This article is very comprehensive: https://www.cnblogs.com/grandyang/p/4465932.html
The excerpt is as follows:
This question asks us to find the median of two ordered arrays, and limits the time complexity to O(log (m+n)). Seeing this time complexity, we naturally think that we should use the binary search method to Solve. But there is a reason why this problem is defined as Hard. The difficulty is to use dichotomy between two unmerged sorted arrays. If this problem has only one sorted array, let's find the median If so, it is estimated to be an Easy question. So can we mix two ordered arrays into one ordered array and do it again? The pattern is broken. The time complexity limit is to tell you to stop thinking about it. Then we still use the dichotomy method, and it is used between two arrays, which feels very high-end. Then review the definition of median.

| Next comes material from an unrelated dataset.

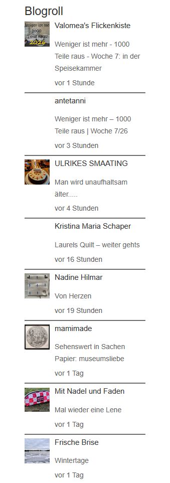 Damit habe ich nun auf der WordPress-Seite endlich wieder eine funktionierende Blogroll. Falls der Herr Programmierer ganz motiviert wäre, würde ich mir zwar noch die üblichen Textschnipsel der Blogbeiträge wünschen und vor allem eine Einklappfunktion bzw. ein “Alles anzeigen”, wie in der Bloggerwelt, aber das wäre alles Zusatz. Das sich die Blogroll so einfach anlegen lässt und vor allem chronologisch sortiert. macht mich wirklich glücklich.

If the length of an ordered array is odd, then the median is the middle one, and if it is even, then it is the average of the two middlemost numbers. The same is true for two ordered arrays here. Assuming that the lengths of the two ordered arrays are m and n, respectively, since the parity of the sum of the lengths of the two arrays m+n is uncertain, it needs to be discussed separately. In this case, you can directly find the middle number. If there is an even number, you need to find the average of the middle two numbers. In order to simplify the code, regardless of the situation, we use a small trick, we find the (m+n+1) / 2th and (m+n+2) / 2th respectively, and then find the average value, This works for odd and even numbers. If m+n is an odd number, then (m+n+1) / 2 and (m+n+2) / 2 are actually equal, which is equivalent to adding two identical numbers and dividing by 2, or itself .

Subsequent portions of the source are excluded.